| Australian Journal of Educational Technology 2000, 16(2), 161-172. |
AJET 16 |
Conventional wisdom tells us that two modalities (visual and auditory) are better than one modality in any instructional message. This paper describes two cases where combining audio explanations with visual instructions has had negative rather than positive or neutral effects. The results were explained as a consequence of working memory overload. Some guiding principles in the design of multimedia instruction are suggested.
It is usually taken for granted that instruction employing more than one modality (eg, visual and auditory) is better than equivalent single modality formats. For example, why should adding sound to a text or picture do any harm under any circumstances? However, the value of multiple representations of information has been questioned in some recent publications evaluating the benefits of multimedia instruction (eg, Hegarty, Quilici, Narayanan, Holmquist, & Moreno, 1999; Najjar, 1996; Tergan, 1997). In some cases described in those papers, redundant multimedia did not show the expected positive effects on learning. Surprisingly, there are definable conditions when the addition of an audio explanation to visual instructions has negative rather than positive or neutral effects. Those conditions occur when processing an auditory supplement is likely to impose an excessive working memory load. Instructional designers should be aware of such conditions to prevent their occurrence in various instructional situations and designs.
There are other, equally definable conditions under which using both auditory and visual modalities is highly beneficial, because the use of both modalities increases the capacity of working memory to handle the information. This paper considers some specific conditions (involving concurrent processing of units of information from several sources) when using an audio explanation with visual instructions would have negative effects on learning, due to working (or short-term) memory overload. Such conditions might occur with various instructional materials (including web based), design models and instructional strategies that contain dual mode (audiovisual) presentations.

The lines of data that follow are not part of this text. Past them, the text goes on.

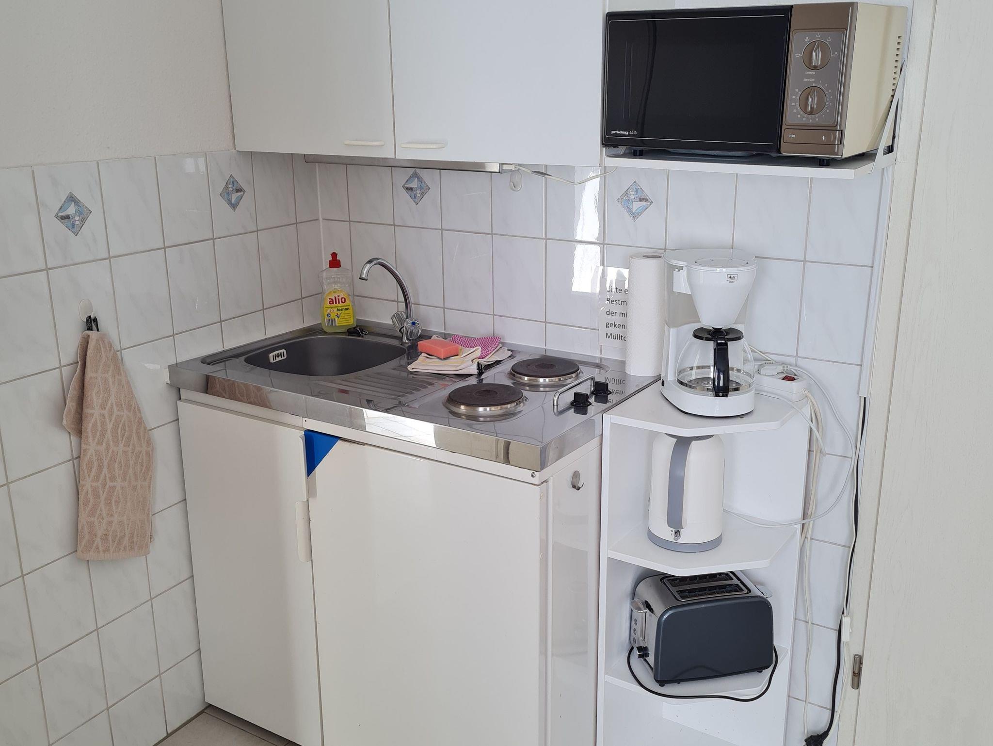 Unsere Zweiraum-Ferienwohnung befindet sich im Erdgeschoss und ist für bis zu 2 Personen geeignet. Die Ferienwohnung bietet einen kombinierten Wohn- und Küchenbereich sowie ein separates Schlafzimmer mit Doppelbett und ein Badezimmer mit Dusche/WC. Eine gemütliche Sitzecke im Garten mit Grillmöglichkeit lädt zum Verweilen ein. Ein Parkplatz ist inklusive.
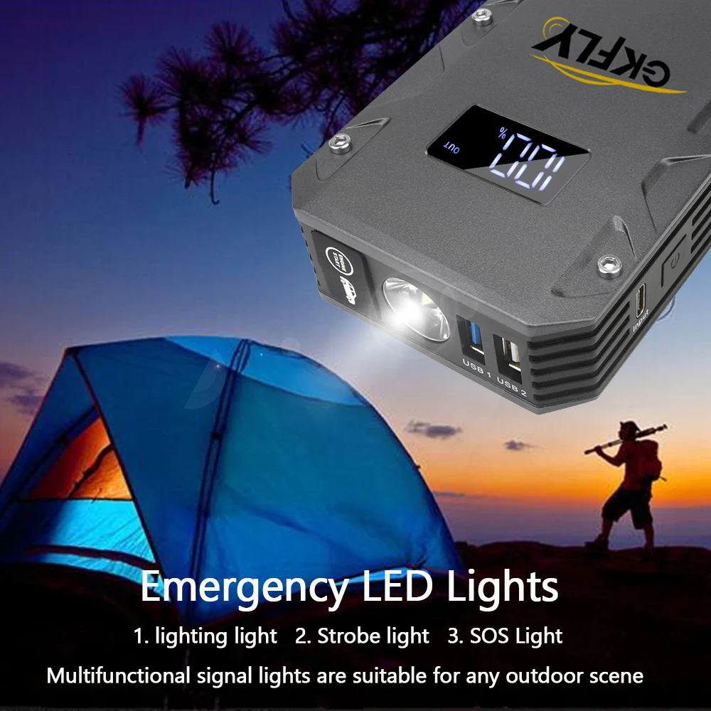 Пусковое устройство GKFLY для автомобиля, аварийное устройство для запуска зарядки аккумулятора, портативный внешний аккумулятор, автомобильное зарядное устройство 12 В
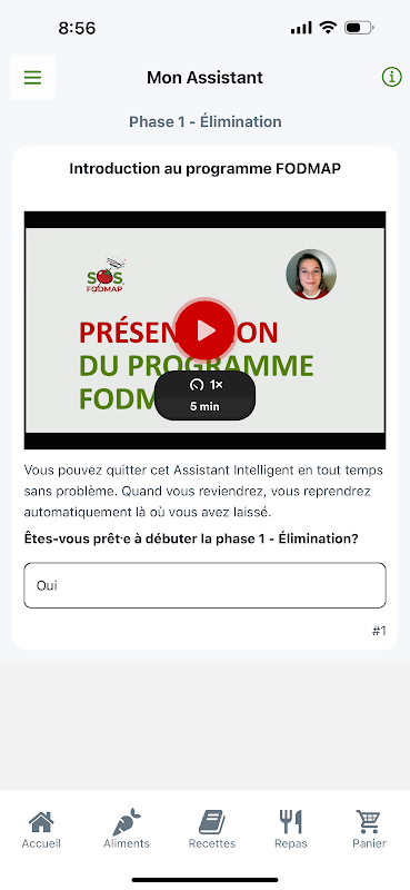 Ассистент шаг за шагом проведет вас с помощью видеокапсул от диетологов, экспертов в области здоровья пищеварительной системы и FODMAP, простым, понятным и точным способом, чтобы не оставлять сомнений и правильно следовать протоколу. Ассистент использует запатентованный адаптивный алгоритм, чтобы определить, какие количества следует проверять во время повторного тестирования, исходя из ваших индивидуальных симптомов.
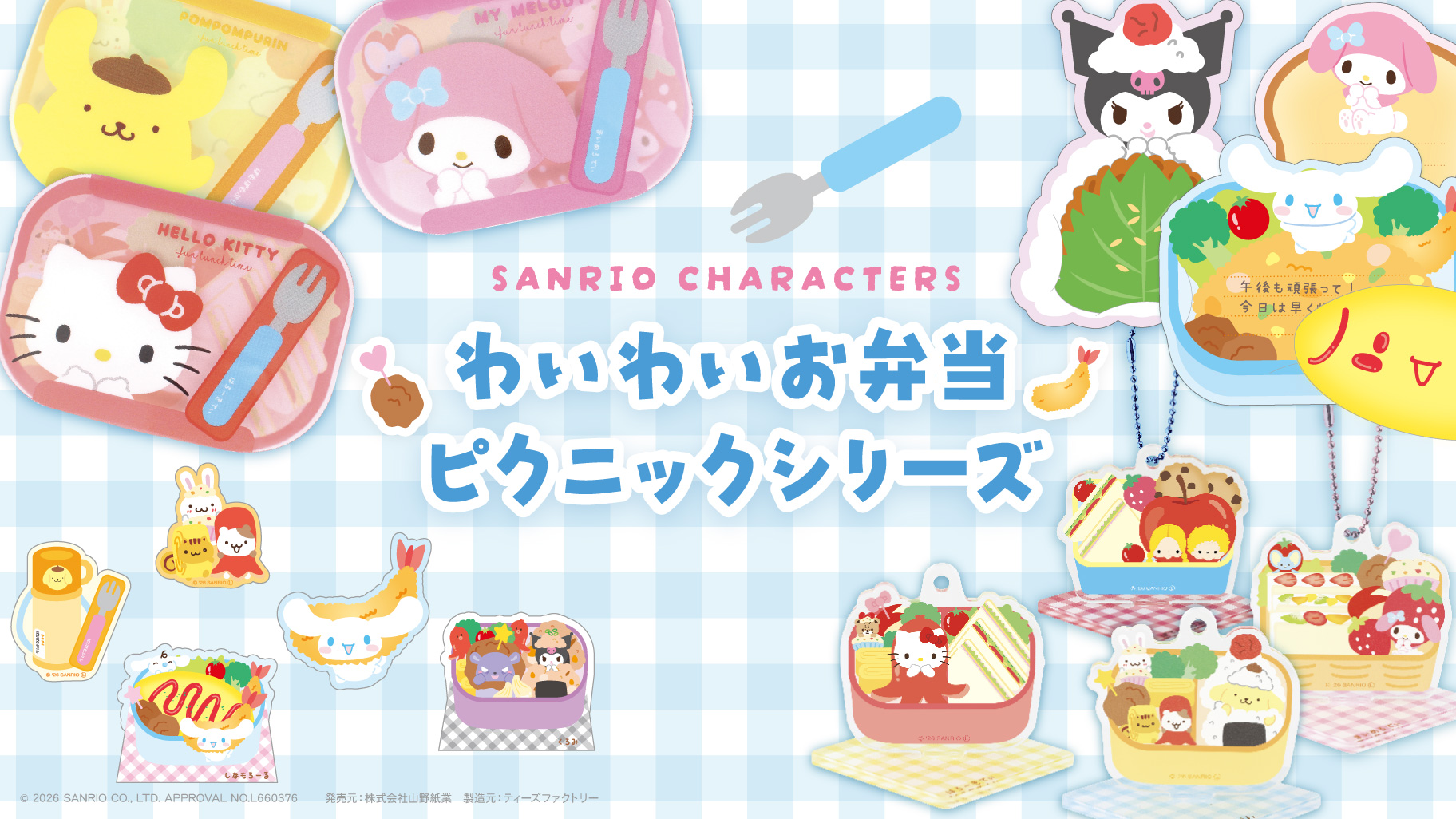 ティーズファクトリーから、サンリオキャラクターズの「わいわいお弁当ピクニックシリーズ」が登場したよ!
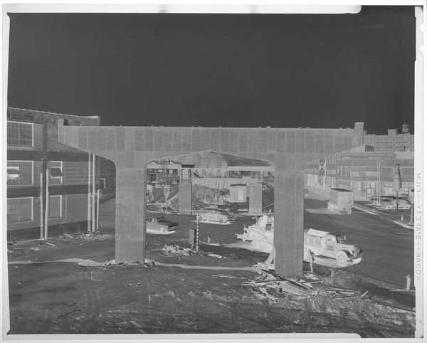 Editor: This photograph by John Deusing, titled *Untitled (exterior view of building with cars out front)*, shows a stark, almost unsettling scene. What do you see in this image, given its historical context? Curator: Well, the image's power lies in its depiction of everyday urban life and how these scenes contribute to our understanding of socio-economic conditions. Notice the "Sale Rent" sign – what might that suggest about the local economy at the time? Editor: Perhaps a period of decline or transition? Were such images used to influence public perception or even policy? Curator: Absolutely. Photography during this period became a tool for both documentation and social commentary, shaping public opinion on issues such as urban decay and economic hardship. It makes you wonder about the narrative the artist is trying to convey. Editor: It certainly changes how I view seemingly simple photographs.
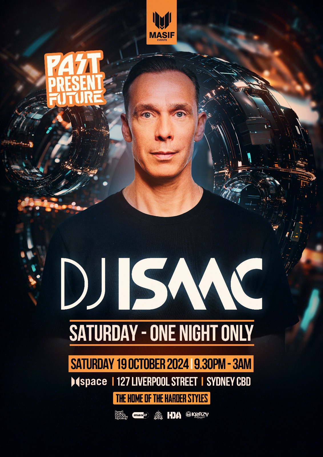 For the first time in a long while, the legendary ISAAC is returning to Australia for some headline club shows! Mark your calendar for SATURDAY, OCTOBER 19TH, and get ready for an epic night at the HOME OF THE HARDER STYLES! MASIF Saturdays will be in full swing, with both arenas pumping out amazing tunes and top-tier production... and don't forget, YOU will be part of it!
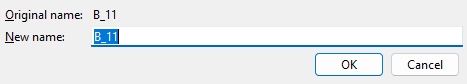 5. A Rename Project Items window opens for each of the files you selected in step 4. The Original name identifies the item selected in step 4. The New name is the name you want to give to the item, select the Enter key or the OK button.
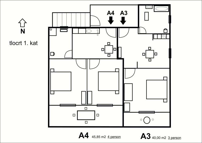 Each apartment in apartments “Marina” has a bedroom, a kitchen, a bathroom, a sea view balcony and it is fully equipped with TV and air-conditioning. There is also a possibility of using the parking and the barbecue grill.
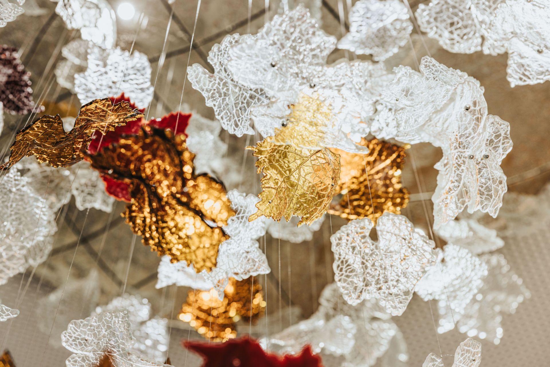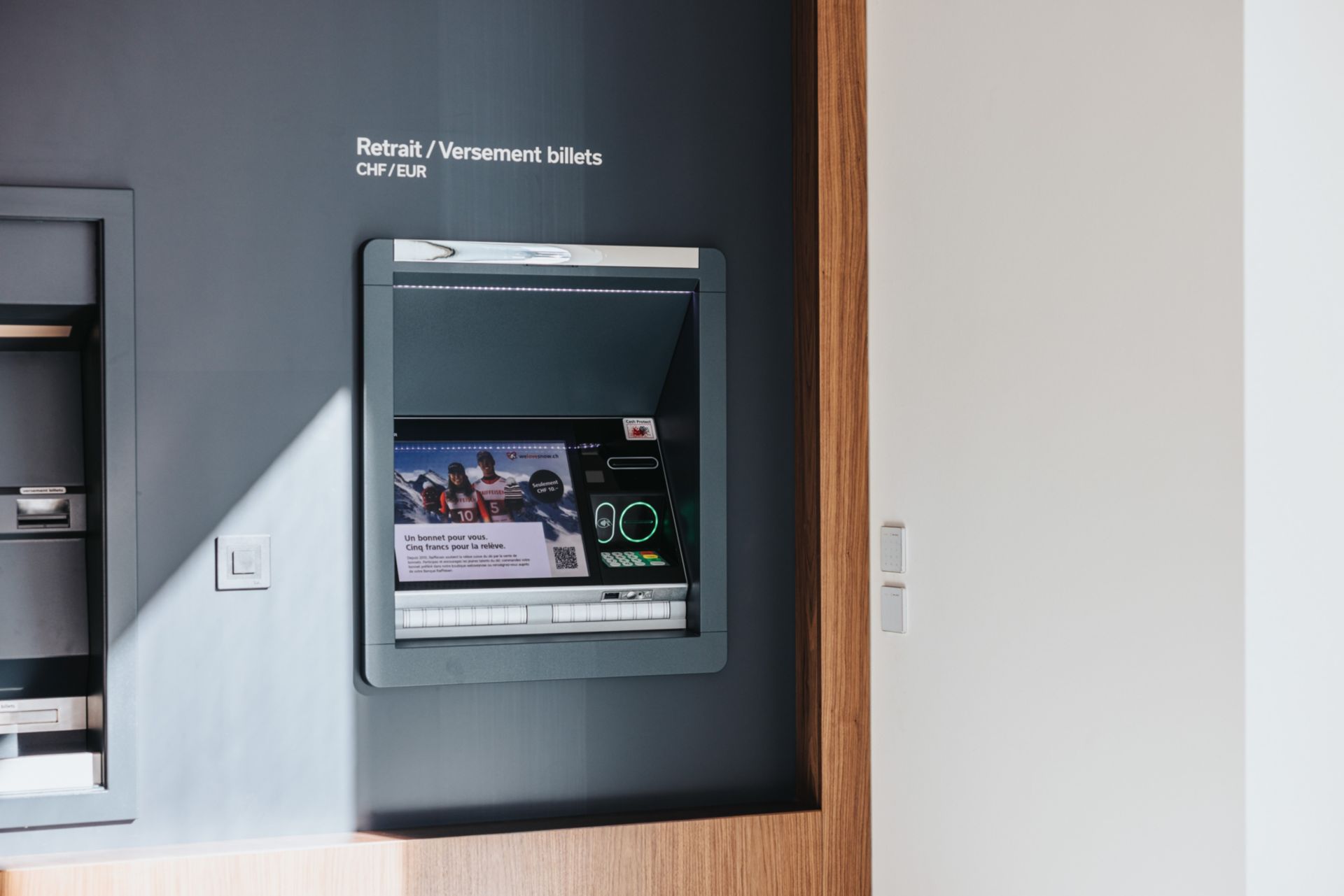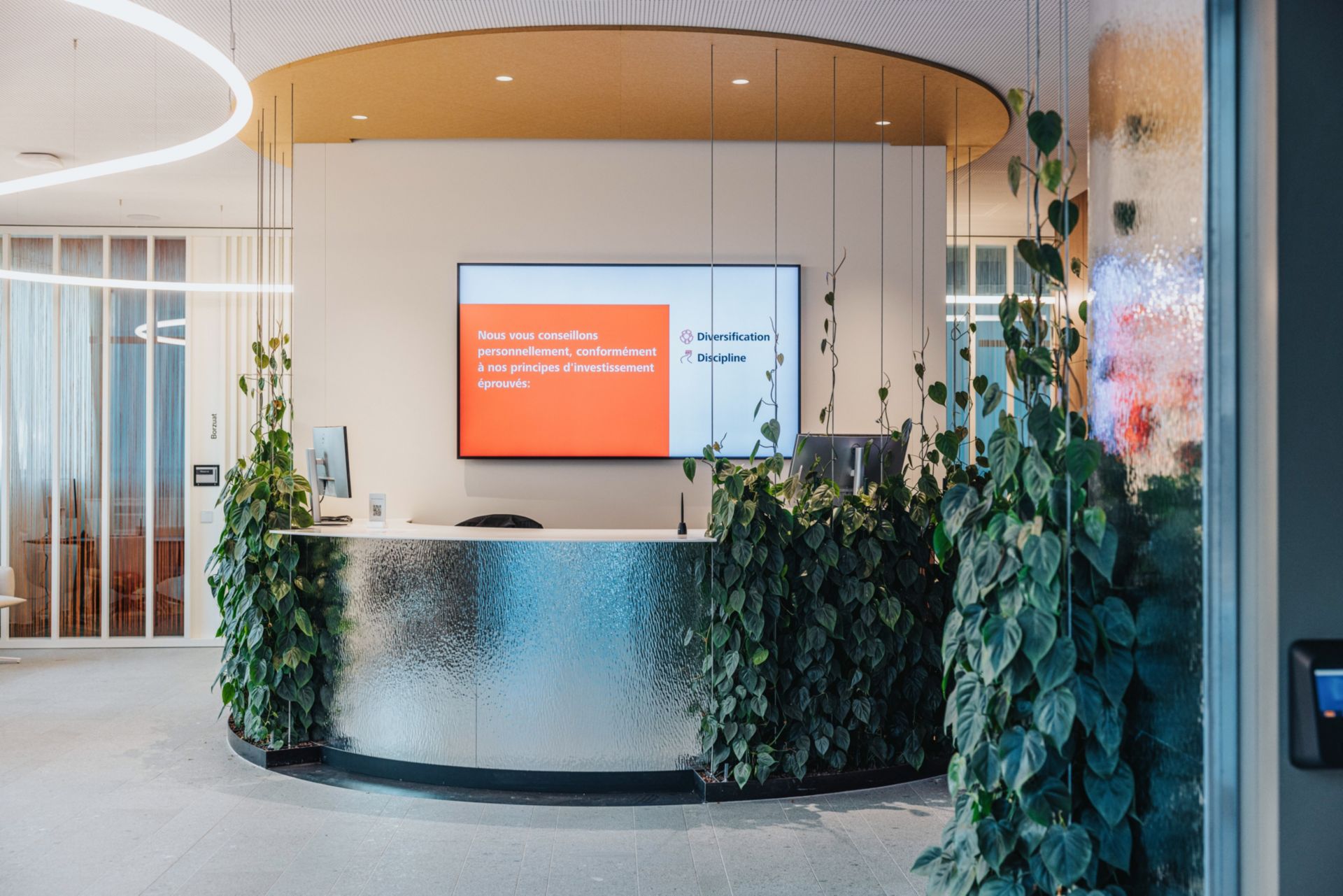 L’entrée s’inscrit naturellement dans l’angle ouvert du bâtiment à proximité de l’Avenue du Château pour assurer une présence forte au niveau de la rue. Le début du parcours client débouche sur une zone de services bancaires directement connectée à l’espace d’accueil spatialement généreux. Point focal de cet espace de réception, le sculptural lustre «Vitis Vivendo», une oeuvre de 2m50 en verre, capture le cycle de la vie à travers des feuilles de vignes de verre tombant délicatement. Ce processus métaphorique, appréhendant l’éphémère et le durable, souligne la longévité de la vigne, qui perd ses feuilles chaque année, mais se régénère inlassablement, perpétuant ainsi son existence.
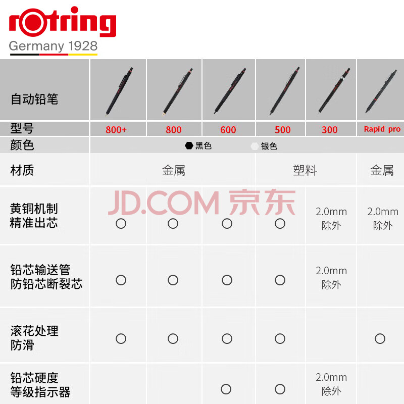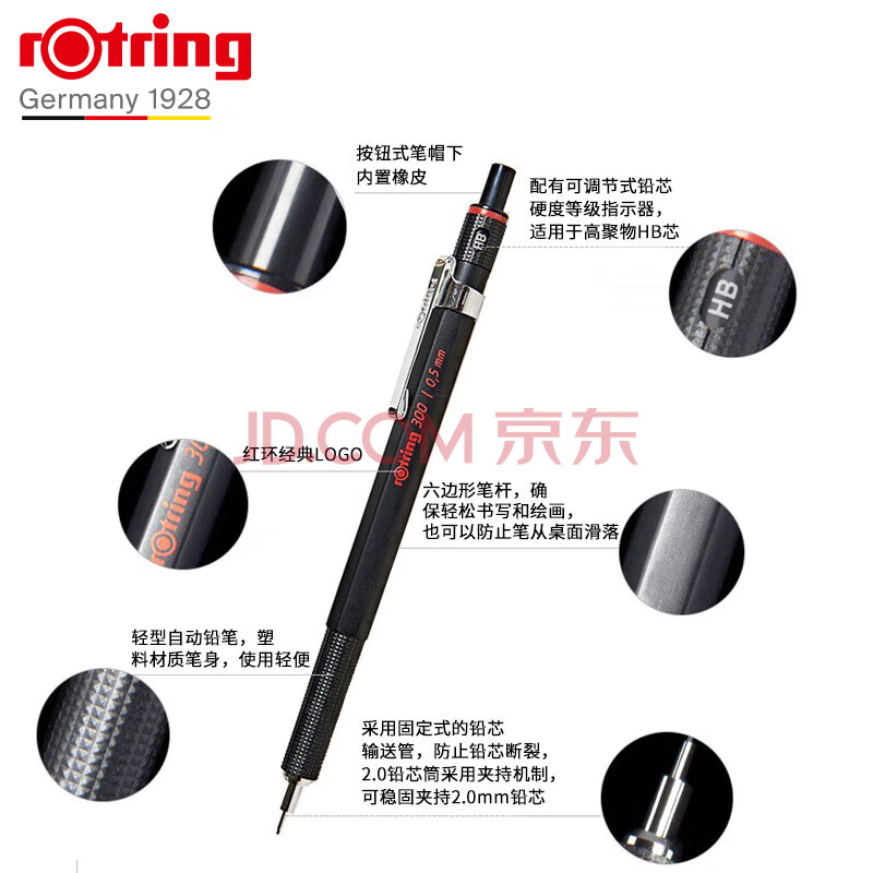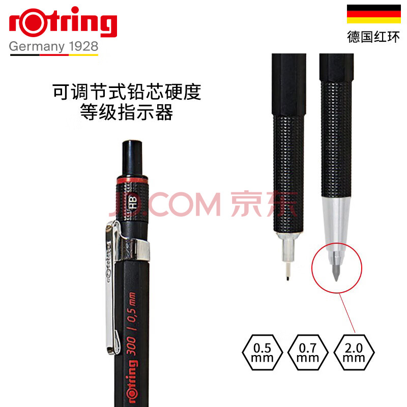 商品相册:红环(rotring)自动铅笔 300系列 2.0mm HB 黑色 单支装第

Thus, using a dual-mode instructional format in which separate sources of information (otherwise requiring mental integration) are presented with text in auditory form, might be beneficial due to cognitive load reduction. For example, it was observed that a visually presented geometry diagram combined with auditory statements enhanced learning compared to conventional, visual only presentations (Mousavi, Low and Sweller, 1995). As another example, an audio text accompanying a visual wiring diagram was superior to purely visually based instructions (Tindall-Ford, Chandler, & Sweller, 1997). Mayer and his associates (Mayer, 1997) have conducted a number of experiments demonstrating the superiority of audio/visual instructions. These studies demonstrated that in many situations, visual textual explanations may be replaced by equivalent auditory explanations with learning enhanced due to an increase of effective working memory capacity (instructional modality effect). These beneficial effects of using audio/visual presentations only occur under conditions where the two or more components of a purely visual presentation are unintelligible in isolation and must be mentally integrated before they can be understood. The following two sections describe situations when dual-mode instructional formats might not be beneficial for learning.
Figure 1: A section of the Diagram with Visual text
instructional format for the Fusion diagram.
Means for subjective ratings of instructional difficulty (considered to be a measure of cognitive load) and test performance scores on multiple choice tasks are displayed in Figure 2. The results of the study indicated that the Diagram with Audio text group demonstrated a lower subjective rating of cognitive load and higher test performance than both the Diagram with Visual text group and the Diagram with Visual text plus Audio text group.
The instructional modality effect was replicated in this study (the Diagram with Audio text group outperformed the Diagram with Visual text group). In addition, the Diagram with Audio text group outperformed the Diagram with Visual text plus Audio text group. The inclusion of redundant, visually presented text simultaneously with an identical auditory presentation, which is common with many standard multimedia packages, imposed an additional unnecessary cognitive load which interfered with learning (an example of a redundancy effect).
Figure 2: Charts of means for the data of experiment with the Fusion diagram instructions.
Thus, from the point of view of cognitive load theory, concurrent duplication of the same information using different modes of presentation increases the risk of overloading working memory capacity and might have a negative effect on learning. Relating corresponding elements of visual and auditory content in working memory consumes additional cognitive resources. In this case, elimination of a redundant visual source of information was beneficial.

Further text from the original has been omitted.